Source data:

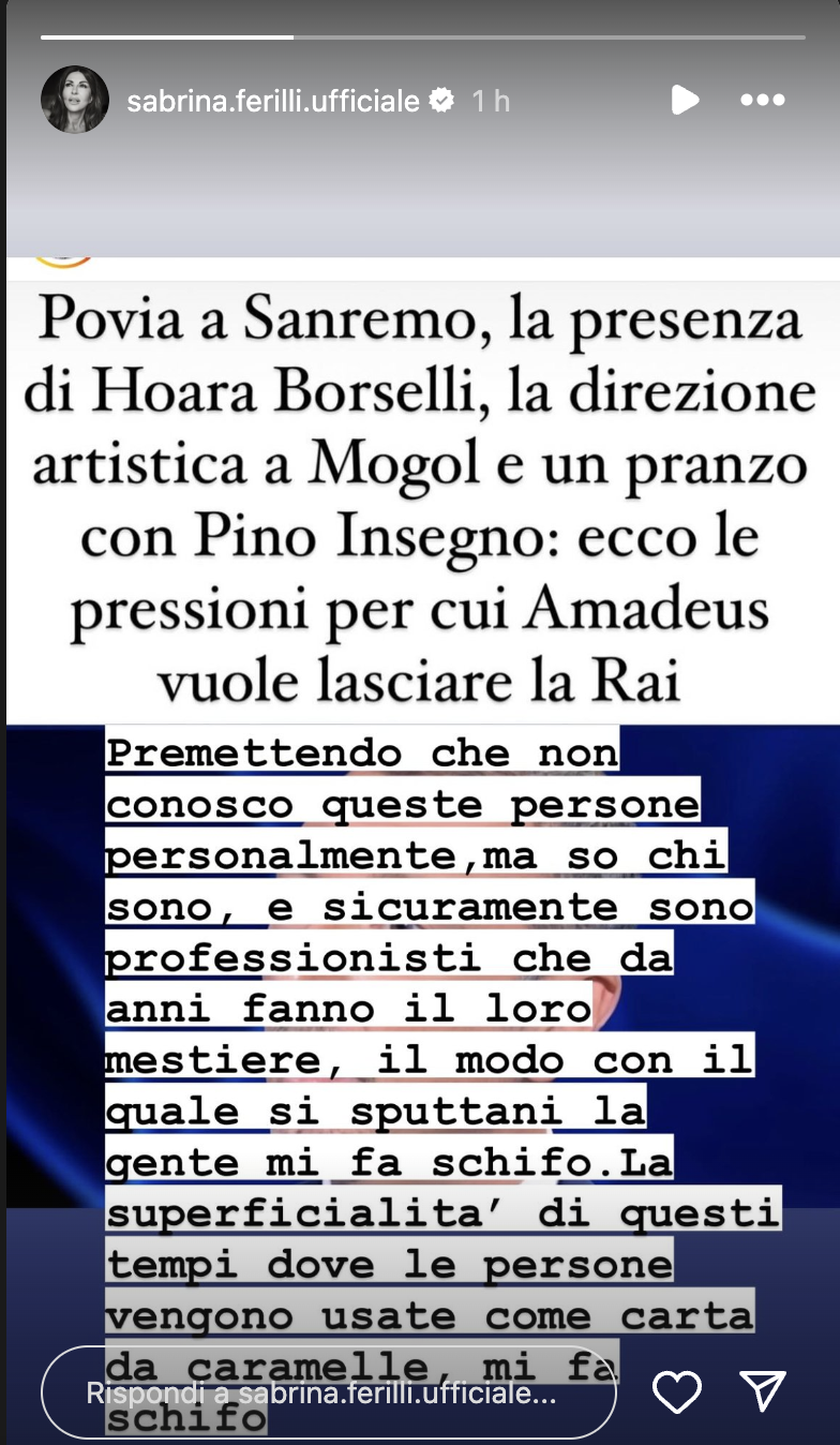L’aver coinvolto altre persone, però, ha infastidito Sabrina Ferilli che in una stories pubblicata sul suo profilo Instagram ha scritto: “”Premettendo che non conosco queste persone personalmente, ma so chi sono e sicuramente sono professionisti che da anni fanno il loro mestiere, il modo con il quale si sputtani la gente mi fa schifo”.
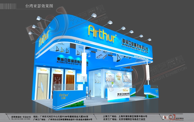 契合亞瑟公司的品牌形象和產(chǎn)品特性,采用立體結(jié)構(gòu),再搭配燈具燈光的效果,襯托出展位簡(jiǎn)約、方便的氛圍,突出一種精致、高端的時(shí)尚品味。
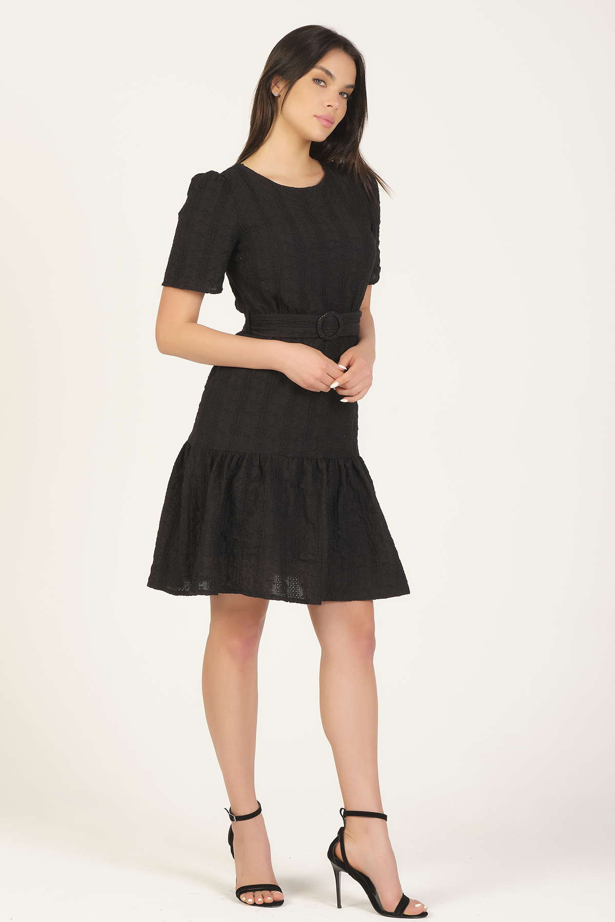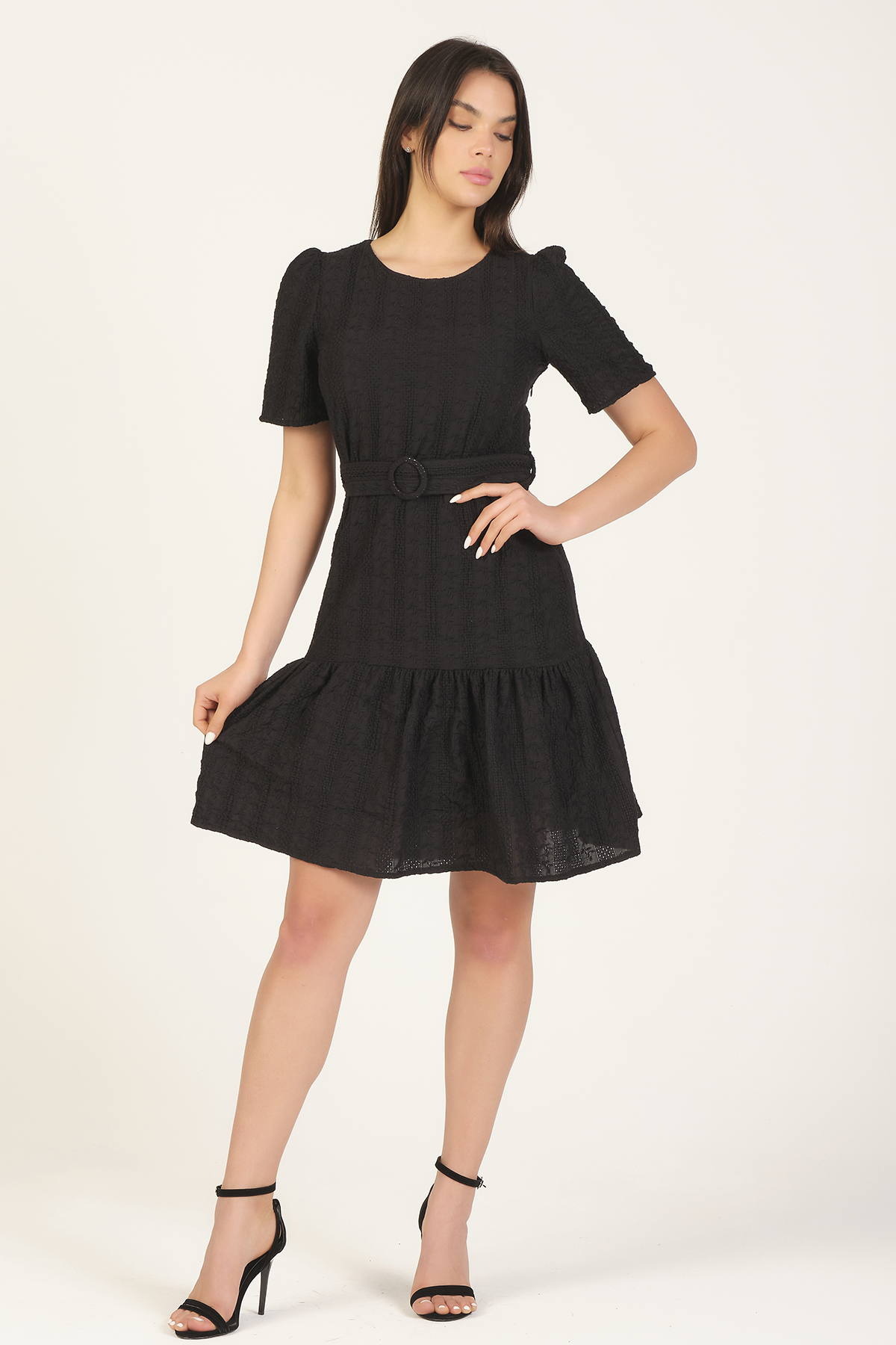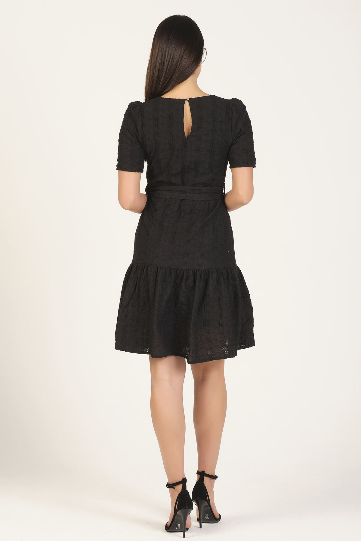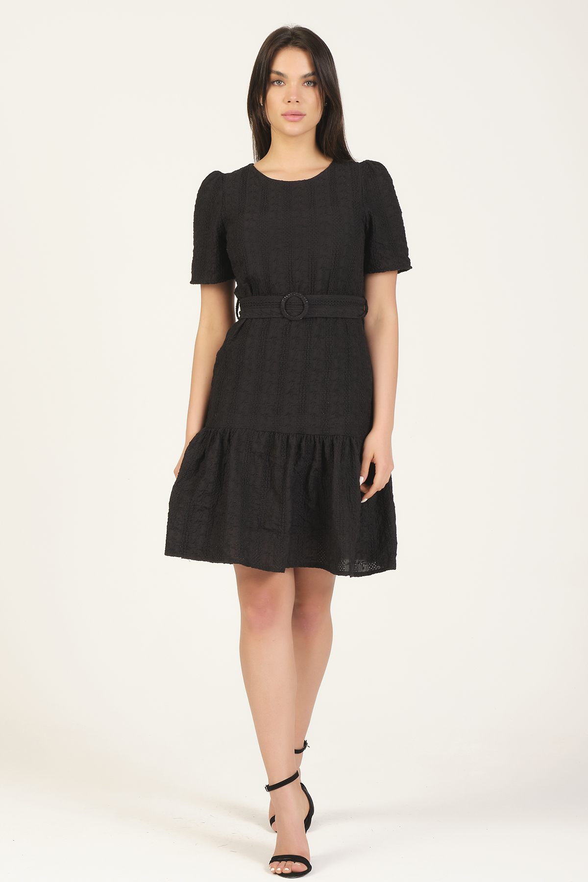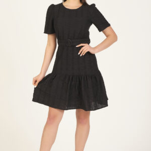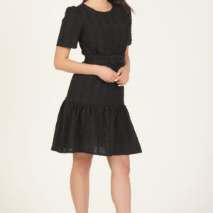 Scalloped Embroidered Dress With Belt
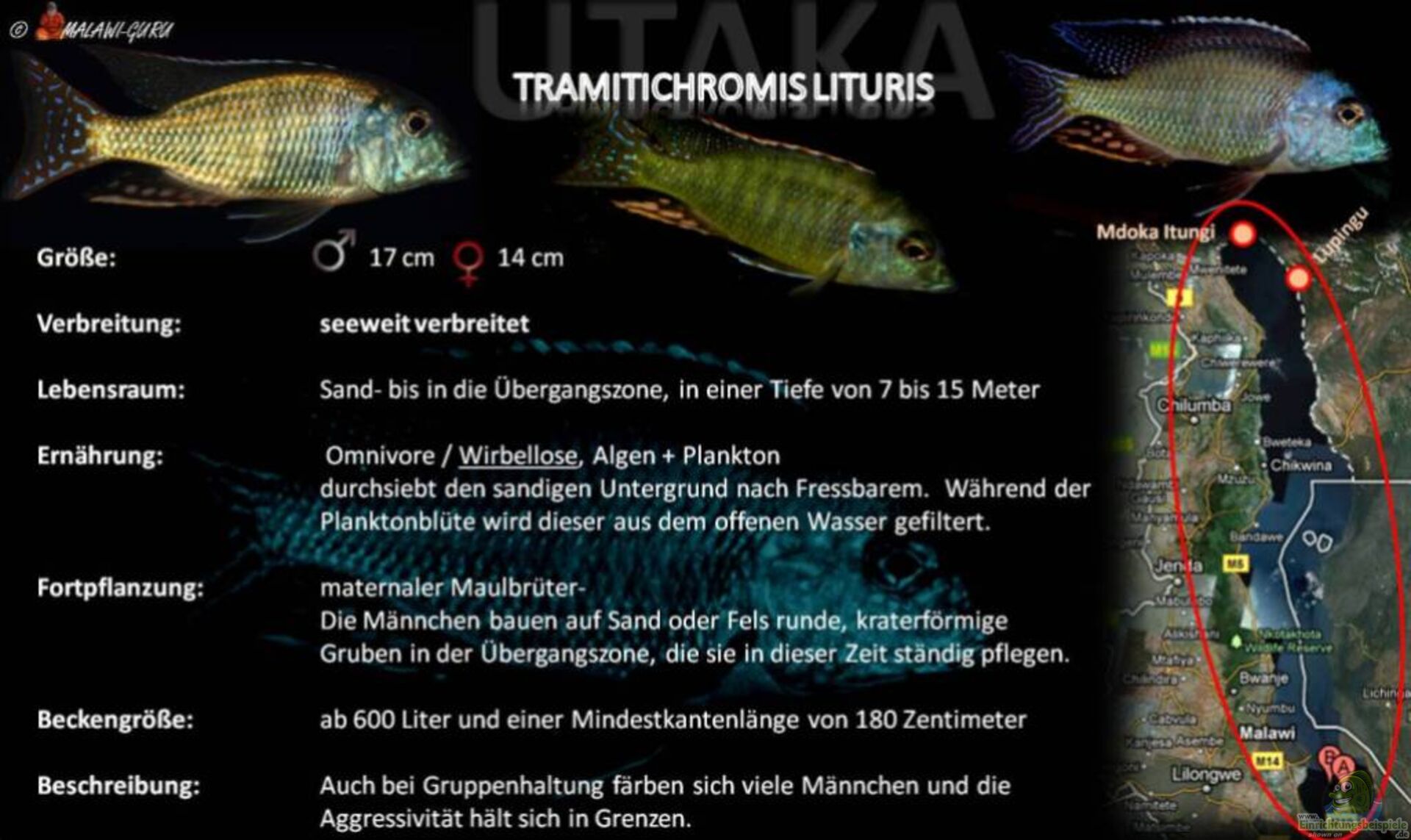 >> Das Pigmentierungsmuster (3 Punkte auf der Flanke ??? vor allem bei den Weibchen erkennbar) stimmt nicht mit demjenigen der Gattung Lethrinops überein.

Problem: With pictures left out, print the lines of the material above from the line containing "Scalloped Embroidered Dress With Belt" through its last line, exactly and nothing more.

Completed task:
 Scalloped Embroidered Dress With Belt
 >> Das Pigmentierungsmuster (3 Punkte auf der Flanke ??? vor allem bei den Weibchen erkennbar) stimmt nicht mit demjenigen der Gattung Lethrinops überein.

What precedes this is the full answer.